AMD_multi_draw_indirect is a functionality that Direct3D 11 programmers can be particularly jealous as it reached OpenGL 4.3 specification but this great feature is still missing in the Direct3D 11 world. Direct3D 11 and OpenGL 4.0 introduced the draw indirect functionality to submit a draw using parameters stored in a buffer object. AMD_multi_draw_indirect extends this feature by allowing multiple draw submissions in a single call. This approach moves a CPU loop to a GPU command processor loop, hence potentially significantly reducing the CPU overhead and the possible number of draws per frame. Unfortunately, unlike instanced draw, OpenGL doesn't provide a unique identifier per draw (let's call it gl_DrawID) for each draw...
A first approach we could thought of is to use an atomic counter and increment each draw its value when gl_VertexID and gl_InstanceID are equal to 0. Unfortunately, this idea is not working because of the GPU architecture so that OpenGL doesn't provide guarantee on the order of excutions so that we can't be sure with this method that the first draw will be identified with the value 0. On AMD hardware this behavior is almost possible but not all the time. On NVIDIA hardware atomic counter are asynchronously executed which nearly guarantee that we will never have the right identifier for a draw.
Fortunately, there is one method we can use using a vertex attribute with a divisor and base instance.
With a divisor equal to 1, all the vertices of a draw will access to the same buffer value. Then, for each draw we use the base instance parameter as an offset to set where in the buffer we are reading the DrawID value. The base instance value act here as an indirection value which increases the execution latency but allow to set a specific value for each DrawID, providing a behavior more advanced than a simple increase of the value for each draw. This behavior allows to maximize the usage of each draws by the application. When each draw is associated with a specific mesh, for a specific frame a lot of draws will be useless for the rendering. This behavior wouldn't matter if discarding a draw was particularly efficient but it isn't on both Kepler and Southern Islands architectures. By being able to assign a specific DrawID to each draw we can assign a specific mesh for each draw allowing to build the needed list of meshes for each draw.
This DrawID gives an interesting functional quality to the multi draw indirect approach however adding an application specific semantic could increase the flexibility and even the change the application performance balance. This DrawID is useful because it allows indexing resources in the shader. Typically, we would like to use it to index material in the fragment shader stage. We can even imagine that multiple resources will be indexed thanks this this DrawID. Hence, we need an indirection table that per draw and this table will be embodied by a uniform block which stores indexes to access each resource per draw. Unfortunately indirections imply latencies and potentially performance...

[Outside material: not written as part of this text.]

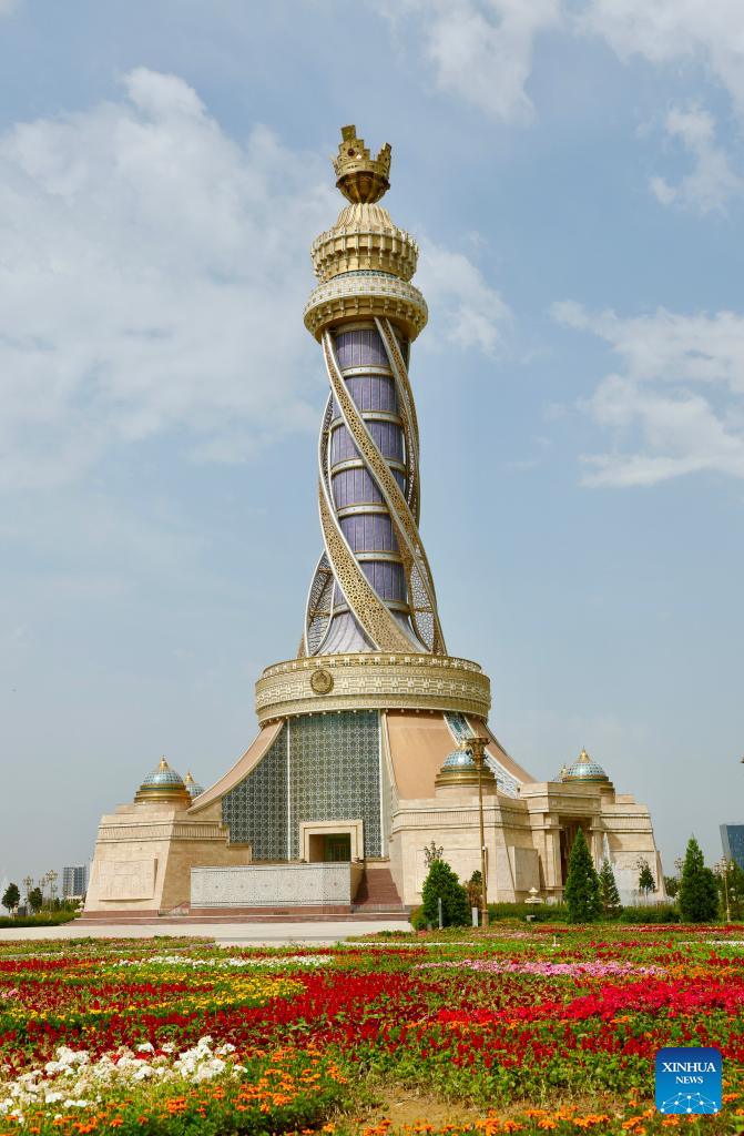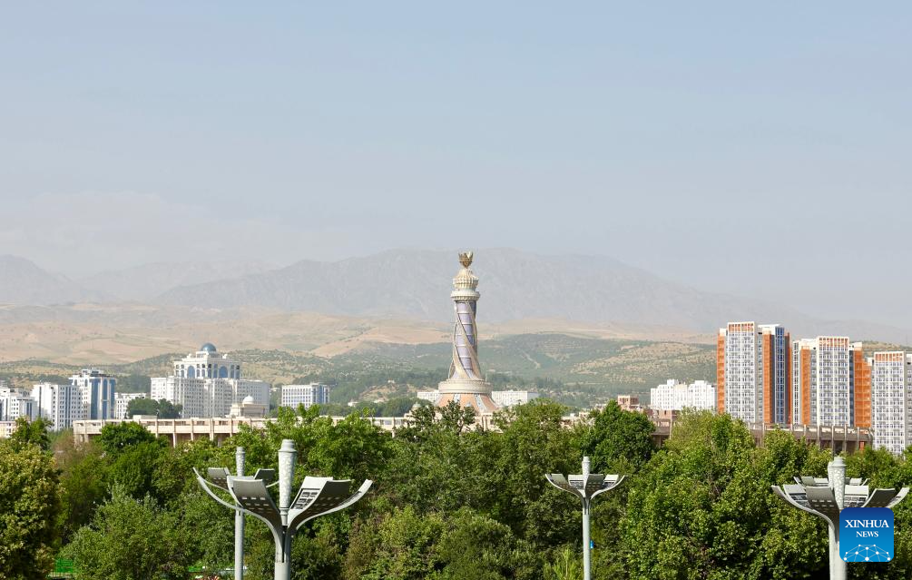 This photo taken on July 1, 2024 shows the Independence and Freedom Monument in Dushanbe, Tajikistan. Tajikistan is located in the southeast of Central Asia, with a mountainous area exceeding 90 percent of its total area. Dushanbe is the capital of Tajikistan and the country's economic and cultural center. (Xinhua/Yao Dawei)

A possible improvement for this DrawID is to add to itself some semantics to skip one level of indirection. Hence, we can create multiple DrawIDs using both a divisor equal to 1 and BaseInstance and call them "MaterialID", "VertexFormatID" or whatever an OpenGL application needs.
A scenario with multi draw indirect is to pack multiple meshes of different objects into a single set of buffers and manually fetch each vertex for each draw so that each draw can have different vertex format. One tricky issue with this approach is that each the BaseVertex and the BaseInstance parameters are not exposed into the vertex shader stage as input variable. Using the divisor equal to 1 and BaseInstance is also an approach to expose these variables in the vertex shader stage. People used to ridiculously optimized code (If you do VHDL you will understand me !:p) could even naturally pack the BaseVertex and the VertexFormat ids into a single integer by allocating a part bits for BaseVertex and the rest to VertexFormat relying on the limitations given by GL_MAX_SHADER_STORAGE_BLOCK_SIZE and GL_SHADER_STORAGE_BUFFER_OFFSET_ALIGNMENT.
The divisor by 1 and BaseInstance method provides a lot of opportunities to the multi draw indirect approach. However, we can question the problem of optimal performances. Even if a single value for a vertex attribute is fetched for all the vertex invocations of a draw, there are little reasons to think that this value won't be fetched each time for each vertex shader invocations. Chances are that the latency and bandwidth impact will be small as we can expect a good cache reuse hoping that many vertex shader invocations will be triggered at the same time.
A question remains, how fast an automatically increased gl_DrawID would be compare to the proposed solution? No immediate bandwidth and latency impact but this approach would require an indirection table (uniform block) to identify which actual resource to access which may not do a better cache reuse than the divisor. Another approach would be to add another draw parameter alongside with BaseVertex and BaseInstance where the user could set its own value for the DrawID parameter. We could even imagine multiple of those parameters. However, what garantee us that those parameters would not have to be fetched for each vertex shader invocation? As a result, this approach could perform equally than using vertex attribute with divisors.
A sample showing the usage of multi draw indirect is available in the OpenGL Samples Pack 4.3.